English botanist (1830–1908)

Arthur Hugh Lister (1830–1908) was a wine merchant and botanist, known for his research on Mycetozoa also known as slime molds.

==Life==
Lister was born in Upton House, Upton, Essex. He was the youngest son of Joseph Jackson Lister, a brother of the celebrated Joseph Lister, and father of the mycologist and botanical illustrator Gulielma Lister. He was educated at Hitchin and left school at sixteen to go into business. He became a partner in a company of wine merchants and retired from business in 1888.

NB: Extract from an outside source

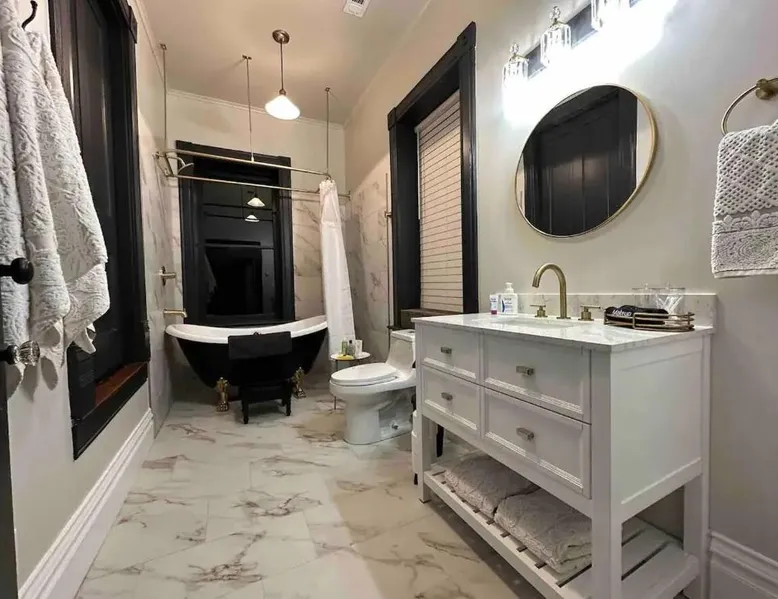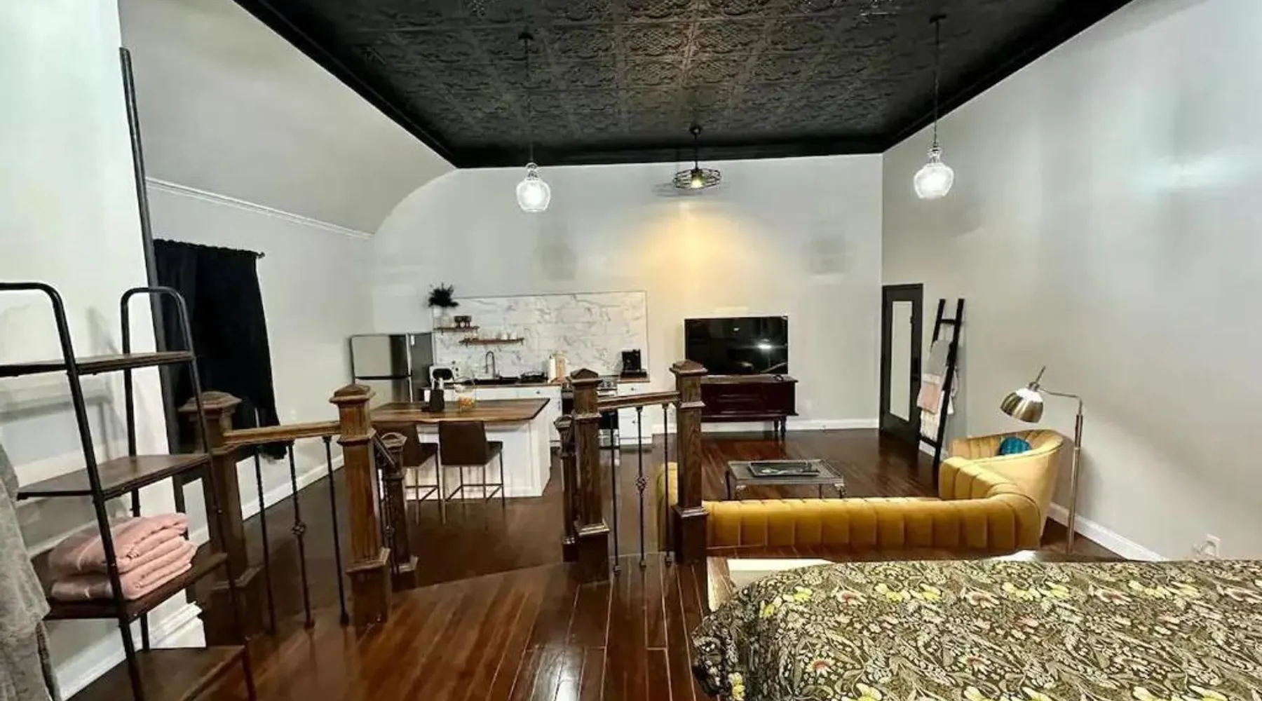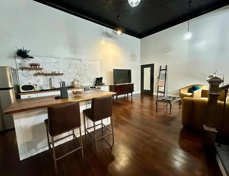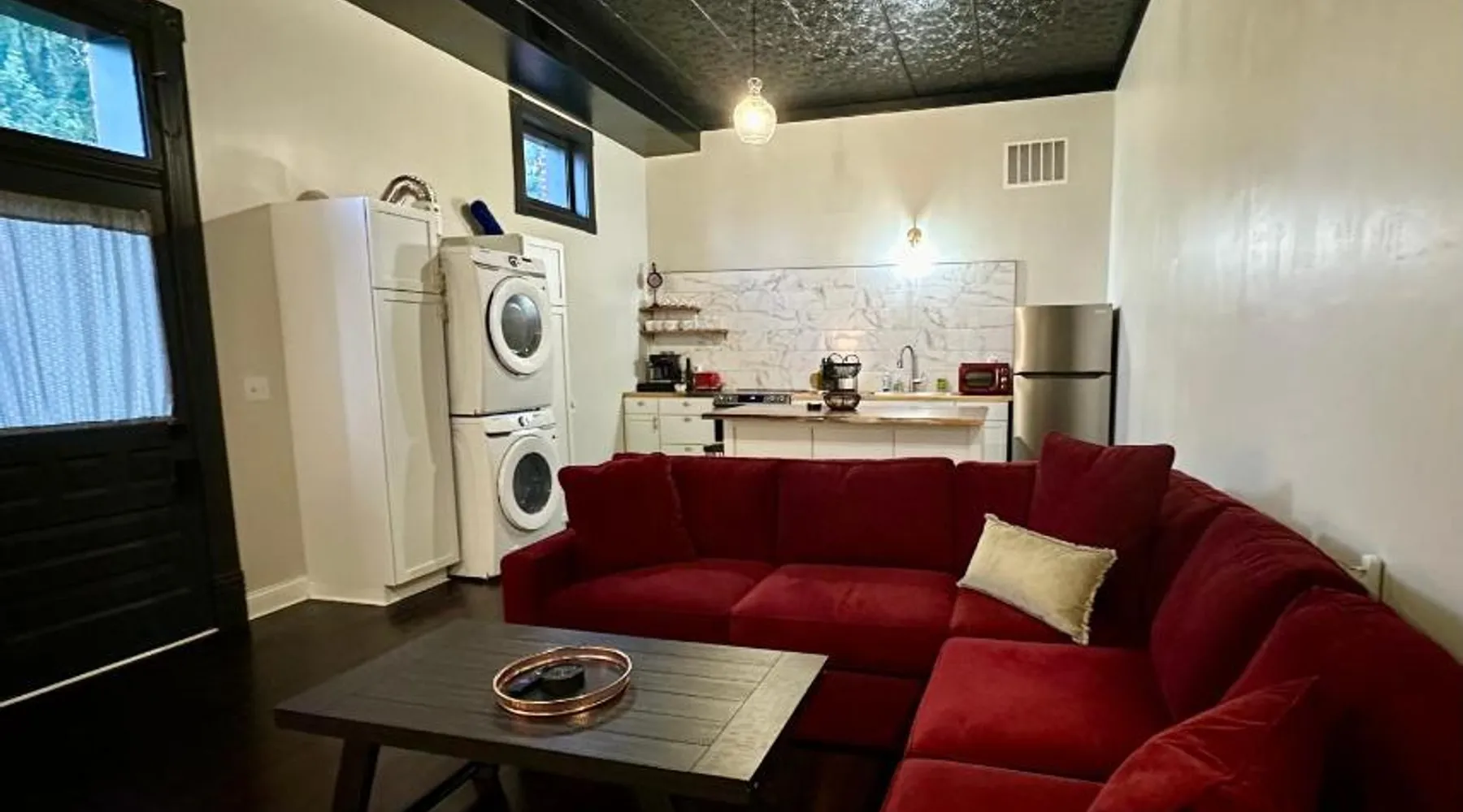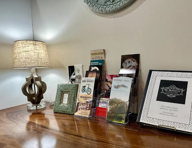 Comfortable Accommodations: The Mercantile on the Katy Trail in Hermann offers private bathrooms with garden or landmark views. Each room includes air-conditioning, a washing machine, and a kitchen equipped with a refrigerator, oven, and stovetop. Outdoor Amenities: Guests can relax in the garden or outdoor seating area. The property features an outdoor fireplace, picnic area, and bicycle parking. Free WiFi is available throughout the hotel. Convenient Services: The hotel provides free on-site private parking, express check-in and check-out, and a shuttle service. Additional services include bike hire and bicycle maintenance. Activities and Location: Cycling enthusiasts appreciate the hotel’s proximity to the Katy Trail. Guests enjoy garden views and a quiet street setting. The property is highly rated for its bike facilities and convenient location. Featuring a private entrance, this air-conditioned suite consists of 1 living room, 1 separate bedroom and 1 bathroom with a walk-in shower and a hairdryer. Meals can be prepared in the kitchen, which comes with a stovetop, a refrigerator, kitchenware and an oven. The suite features parquet floors, a seating area with a flat-screen TV, a washing machine, a tea and coffee maker, as well as a dining area. The unit offers 2 beds.

He did research on the Mycetozoa, publishing in the 'Annals of Botany', the 'Journal' of the Linnean Society, and the 'Proceedings' of the Essex Field Club, in reference to the species and life-history of these organisms. His principal work, 'A Monograph of the Mycetozoa' (with 78 plates), issued by the trustees of the British Museum in 1894, is an exhaustive catalogue of the species in the national herbarium. He was also the compiler of the museum's 'Guide to the British Mycetozoa' (1895).

He was elected a fellow of the Linnean Society in 1873 and was the Society's vice-president in 1895–1896. He was president of the Mycological Society in 1906–1907. He married in 1855 and was the father of four daughters and three sons, one of whom was the zoologist Joseph Jackson Lister. Much of Arthur Lister's scientific work was done in collaboration with his daughter Gulielma. On 9 June 1898, Lister was elected to the fellowship of the Royal Society.

He was honoured in 1901, when botanists Penzig & P.A.Saccardo published Listeromyces, Then in 1906, Eduard Adolf
Wilhelm Jahn published Listerella paradoxa which is a slime mould species from the class Myxogastria and the only member of its genus, as well as the family Listerelliidae.